My wife has gone out to one of those swanky corporate £100-a-table quiz nights that her employers like to show face at. I've told her that if she brings shame on the family by not winning her bags will be packed and on the doorstep when she stumbles in at god knows what hour! That reminds me, I'm hosting the annual quiz night for her employers and I always enjoy it. I guess they must too or they wouldn't ask me back every year. It's a paying gig but I've already spent the wages on my own little portable PA system, which has a built-in cassette deck for playing audio rounds.

This year's quiz has rounds on News, Numbers, Music, Sport, Televison/Film and Pot Luck as well as two audio rounds and two picture rounds. I'm very proud of the idea I had for one of the picture rounds but I can't tell you about it until after the "gig". I've also got to put a script of sorts together, so things are kept lively, altogether a lot of "gags" are off the cuff. One of Kirsty's colleagues described us as the Ian Brady and Myra Hindley of quiz. Not really sure how to take that!

Work was busy enough today but there was still time to receive and send a few more missives on the subject of the buses especially to Tony Martin, who heads up the Transportation committee. One e-mail I received from him this morning could've been written by Stagecoach themselves it was so sycophantic towards their plans. He confirmed the process by which Stagecoach has to follow before they can change/revise services. Fife Council are given a couple of weeks notice and then the Traffic Commissioner is given 56 days notice but even during that period, should passengers actually find out about the proposals, they have no real right of appeal. Well, they can, but it's as much use as a chocolate teapot. What is interesting, in the light of these procedures, is that Stagecoach plan to add an extra 0600 bus on Monday to the D7 route at the request of one of my neighbours because she starts work in Edinburgh at 0700. This bus isn't on the timetable at the moment and for it to go through it would have to undergo the aforementioned 10 week notice period. If this bus becomes a reality on Monday morning, without the going through the proper procedures, I'm sorely tempted to raise an objection purely to see what would happens. My neighbour would be a bit pissed off but as she's never had this bus previously she wouldn't miss it. I could never beat Stagecoach but I'd love to be able to kick them in the shins and run away! In one of my replies to Mr Martin I suggested that if Fife Council doesn't stand up and be counted they might as well rename Dunfermline "Stagecoach Tescoville".

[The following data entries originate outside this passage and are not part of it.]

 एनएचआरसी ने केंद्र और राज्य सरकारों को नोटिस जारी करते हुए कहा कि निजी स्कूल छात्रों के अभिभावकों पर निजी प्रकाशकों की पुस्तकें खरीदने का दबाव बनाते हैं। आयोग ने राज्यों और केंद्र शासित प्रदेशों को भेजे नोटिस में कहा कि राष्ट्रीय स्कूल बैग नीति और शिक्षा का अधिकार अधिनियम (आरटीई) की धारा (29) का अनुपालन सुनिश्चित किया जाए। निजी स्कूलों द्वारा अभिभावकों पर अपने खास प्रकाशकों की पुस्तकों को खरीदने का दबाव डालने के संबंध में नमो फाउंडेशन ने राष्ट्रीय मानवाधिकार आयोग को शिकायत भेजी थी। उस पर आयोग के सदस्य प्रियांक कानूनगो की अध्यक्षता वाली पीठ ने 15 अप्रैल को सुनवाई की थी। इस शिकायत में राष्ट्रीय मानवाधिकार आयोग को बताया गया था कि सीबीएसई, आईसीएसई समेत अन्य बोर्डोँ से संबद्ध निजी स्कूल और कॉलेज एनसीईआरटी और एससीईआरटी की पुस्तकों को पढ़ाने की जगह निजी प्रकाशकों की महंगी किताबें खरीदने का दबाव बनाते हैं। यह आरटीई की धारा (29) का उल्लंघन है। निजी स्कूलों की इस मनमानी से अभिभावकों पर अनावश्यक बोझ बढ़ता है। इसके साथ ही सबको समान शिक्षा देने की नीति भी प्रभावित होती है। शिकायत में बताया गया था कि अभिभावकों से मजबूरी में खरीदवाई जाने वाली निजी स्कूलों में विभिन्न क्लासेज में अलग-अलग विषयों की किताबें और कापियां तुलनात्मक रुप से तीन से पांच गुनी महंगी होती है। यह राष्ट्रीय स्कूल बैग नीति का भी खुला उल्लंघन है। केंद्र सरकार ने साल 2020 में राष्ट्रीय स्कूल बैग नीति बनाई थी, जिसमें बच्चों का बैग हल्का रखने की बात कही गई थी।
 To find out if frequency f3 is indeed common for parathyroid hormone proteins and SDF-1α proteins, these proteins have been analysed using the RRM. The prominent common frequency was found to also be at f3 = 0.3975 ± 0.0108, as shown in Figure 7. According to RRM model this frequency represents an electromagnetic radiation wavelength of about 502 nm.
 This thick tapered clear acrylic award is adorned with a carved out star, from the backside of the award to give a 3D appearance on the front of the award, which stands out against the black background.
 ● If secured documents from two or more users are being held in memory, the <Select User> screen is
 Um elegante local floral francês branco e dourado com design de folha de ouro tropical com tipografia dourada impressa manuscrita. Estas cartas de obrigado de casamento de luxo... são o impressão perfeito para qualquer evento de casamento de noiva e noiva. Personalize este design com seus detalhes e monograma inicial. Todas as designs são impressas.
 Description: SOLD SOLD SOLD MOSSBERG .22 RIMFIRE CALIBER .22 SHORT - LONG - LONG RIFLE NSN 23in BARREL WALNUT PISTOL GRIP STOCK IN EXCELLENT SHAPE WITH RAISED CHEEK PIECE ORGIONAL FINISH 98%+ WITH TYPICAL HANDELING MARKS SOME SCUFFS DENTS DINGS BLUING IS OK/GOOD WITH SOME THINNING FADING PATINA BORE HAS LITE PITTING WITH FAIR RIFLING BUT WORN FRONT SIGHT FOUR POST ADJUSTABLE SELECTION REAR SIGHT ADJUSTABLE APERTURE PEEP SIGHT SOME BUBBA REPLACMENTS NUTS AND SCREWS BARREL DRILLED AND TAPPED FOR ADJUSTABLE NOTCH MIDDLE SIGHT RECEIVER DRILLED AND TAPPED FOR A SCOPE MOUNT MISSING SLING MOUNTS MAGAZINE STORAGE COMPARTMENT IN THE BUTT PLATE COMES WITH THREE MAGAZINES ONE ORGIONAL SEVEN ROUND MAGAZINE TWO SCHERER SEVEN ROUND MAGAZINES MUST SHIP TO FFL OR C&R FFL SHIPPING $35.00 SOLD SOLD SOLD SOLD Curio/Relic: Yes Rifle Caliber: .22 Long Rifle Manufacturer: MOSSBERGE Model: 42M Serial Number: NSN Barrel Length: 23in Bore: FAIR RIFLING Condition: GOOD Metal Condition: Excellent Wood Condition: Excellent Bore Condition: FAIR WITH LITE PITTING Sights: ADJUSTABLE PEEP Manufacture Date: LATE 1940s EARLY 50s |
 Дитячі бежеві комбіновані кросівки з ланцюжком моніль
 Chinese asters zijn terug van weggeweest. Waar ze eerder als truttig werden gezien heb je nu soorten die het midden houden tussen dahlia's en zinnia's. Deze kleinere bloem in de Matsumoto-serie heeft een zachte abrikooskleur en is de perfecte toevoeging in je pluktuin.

I'm a longtime subscriber to Mojo and the highlight of the month is my attempt to complete the prize crossword without using any reference materials. So, I'm off to bed to with my Mojo, a Parker pen and a glass of water. Goodnight.

BBC Paul

P.S. Forth One's "The Word Is Out" competition has been running for a couple of months now and it's up to £4100 (started at £50 and goes up £50 per day). It's an achievement just to get through to the studio but most of us in the office try everyday. I NEED my own car and I'm desperate to win it. I was rather pissed off this morning when the Chief Inspector called me through to his office just as they were starting today's comp. Anyway, the phrase with the missing word, said by James Dean Bradfield, is "I don't want that to sound dismissive of the actual solo records themselves, I think they were kind of, they were good ________ exercises". We have a list of words in the office that we have on standby should any of us get through. Apparently, we'll kick ourselves when we finally hear the answer.